Satu indikator lain yang juga tercapai adalah angka kelahiran menurut umur atau age
specific fertility rate (ASFR) pada perempuan muda 15-19 tahun. ASFR di Indonesia
masih terbilang tinggi dibanding negara lain di ASEAN, meskipun telah menurun dari
46 menjadi 36 per 1000 kelahiran. Angka ASFR telah melampaui target BKKBN
tahun ini, yakni 40 per 1000 kelahiran. Namun, angka 36 ini tetaplah memprihatinkan.
Mereka penyumbang tingginya angka balita stunting, kematian ibu dan bayi di
Indonesia.
Di sisi lain, BKKBN harus bekerja ekstra keras untuk mencapai empat indikator lain
yang belum berhasil dicapai dikarenakan sejumlah kendala. Pertama, penggunaan alat
kontrasepsi atau contraceptive prevalensi rate (CPR) masih rendah. Saat ini, jumlah
peserta KB aktif baru 57,2% padahal targetnya 61,2%.
Kedua, kebutuhan KB yang tidak terlayani (unmet need) baru berhasil diturunkan
menjadi 12,4% dari target seharusnya sebesar 10,14%. Kendalanya, penyebaran
kontrasepsi tidak merata sampai ke fasilitas kesehatan. Selain itu, terdapat masa
transisi pelayanan KB dari yang sebelum dengan sesudah dibiayai oleh BPJS
Kesehatan. BKKBN segera melakukan pembenahan, terutama sinkronisasi data
berapa peserta KB yang dibiayai BPJS Kesehatan.
Ketiga, angka putus pakai (drop out) kontrasepsi masih tinggi. Meskipun mengalami
penurunan sampai 25%, angka ini belum memuaskan dari angka idealnya yang berada
di bawah 20%. Keempat, penggunaan metode kontrasepsi jangka panjang (MKJP)
belum sesuai harapan.
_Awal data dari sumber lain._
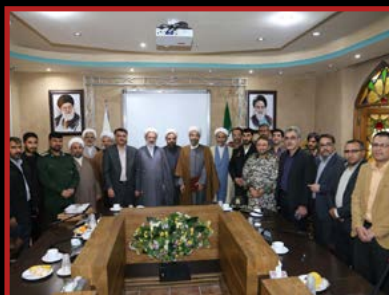
مراسم تودیع و معارفه مسئول جدید دفتر نهاد رهبری چهارشنبه ۱۳ آذر

Tingginya angka putus pakai disebabkan oleh angka ini. Angka
penggunaan MKJP memang meningkat sebesar 23,1% dari target 22,3%. Akan tetapi,
kemudahan mengakses jenis kontrasepsi jangka pendek seperti pil dan suntikan
menyebabkan angka putus pakai tetap tinggi.
BAB III
PENUTUP
A. Kesimpulan
Tingkat Kesuburan seseorang dapat dilihat dari keadaan fertil atau infertilnya.
Fertilitas ialah kemampuan seorang wanita untuk hamil dan melahirkan anak hidup
oleh pria yang mampu menghamilinya. Jadi, fertilitas merupakan kemampuan fungsi
satu pasangan yang sanggup menjadikan kehamilan dan kelahiran anak hidup.
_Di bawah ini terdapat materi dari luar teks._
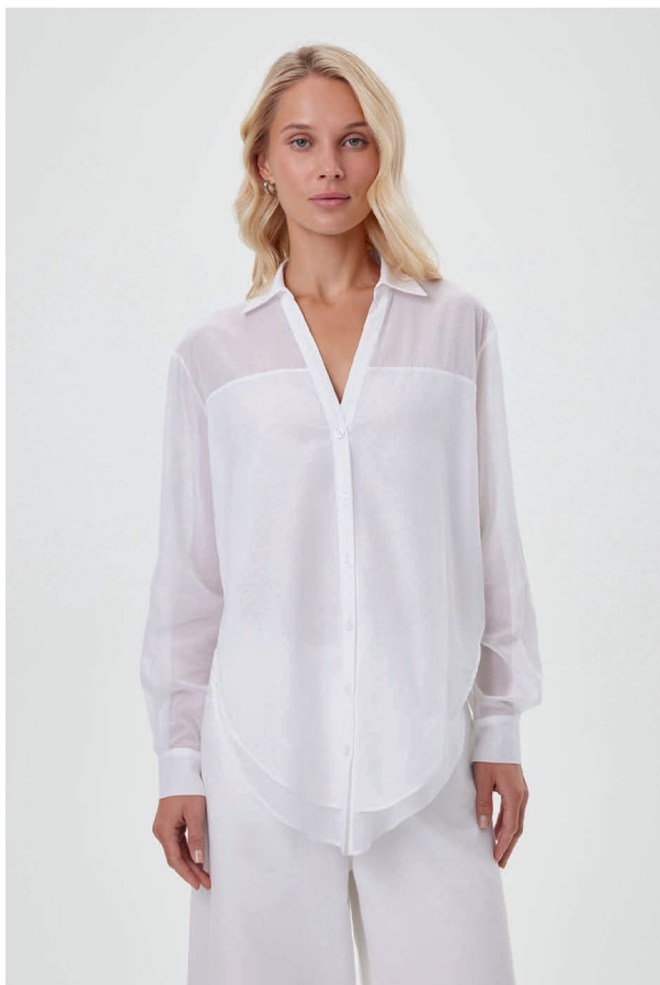
21-05-122 Блузка «Капель» 21-05-129 Брюки джинсовые «Капель»

Sebelum dan sesudahnya tidak seorangpun tahu, apakah pasangan itu fertile atau
tidak. Riwayat fertilitas sebelumnya sama sekali tidak menjamin fertilitas dikemudian
hari, baik pada pasangan itu sendiri maupun berlainan pasangan.
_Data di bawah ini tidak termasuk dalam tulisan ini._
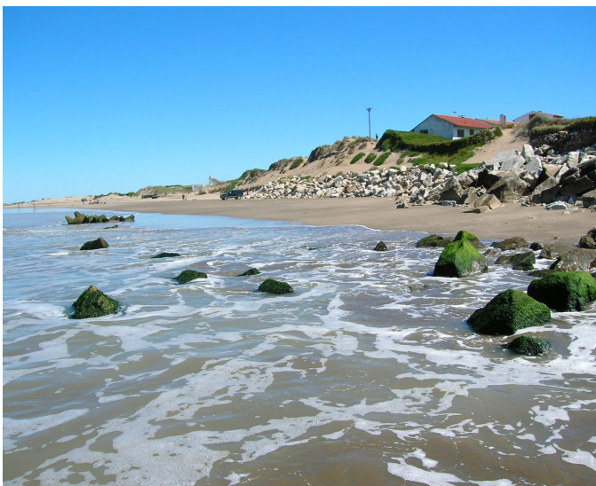
Figure 1. Coastline retreat at Parque Balneario Mar Chiquita, in Argentina. Figura 1. Retroceso de la línea de costa en el Parque Balneario Mar Chiquita, Argentina.

The study area is a small seaside resort located in the Municipality of Mar Chiquita, in southeastern Buenos Aires Province, 40 km to the north of the city of Mar del Plata (37°44'23.87" S, 57°26'35.31" W) (fig. 2). It is situated in the

Infertilitas merupakan ketidakmampuan seorang wanita untuk menjadi hamil dan
melahirkan anak, dengan melakukan hubungan seksual secara rutin dan teratur selama
satu tahun berkumpul bersama. Disebut Infertilitas primer, kalau istri belum pernah
hamil selama 12 bulan walaupun bersenggama secara rutin. Dan disebut infertilitas
sekunder, kalau istri pernah hamil, akan tetapi kemudian tidak terjadi kehamilan lagi
walaupun bersenggama.
B. Saran
Sebagai sumbangan dari rangkaian penulisan makalah ini, penulis merasa makalah ini
masih jauh dari sempurna, jadi penulis menyarankan penulis selanjutnya agar dapat
melakukan perbaikan. Penulis menyadari bahwa penelitian ini belum dapat di
generalisasikan bagi pasangan infertil.
Walaupun infertilitas tidak mengancam jiwa, namun kondisi infertilitas merupakan
suatu krisis, individu yang mengalami kondisi ini merasakan dampak yang besar
terhadap kehidupan pribadi dan keluarga. Untuk itu dalam praktik pelayanan
kebidanan bidan dapat lebih bijaksana dalam berkomunikasi atau dalam memberikan
informasi serta memberikan dukungan pada pasangan infertilitas ini. Makalah ini juga
direkomendasikan bagi praktik kebidanan komunitas dimana sebagai bidan komunitas
dapat melakukan pendekatan bagi pasangan infertilitas.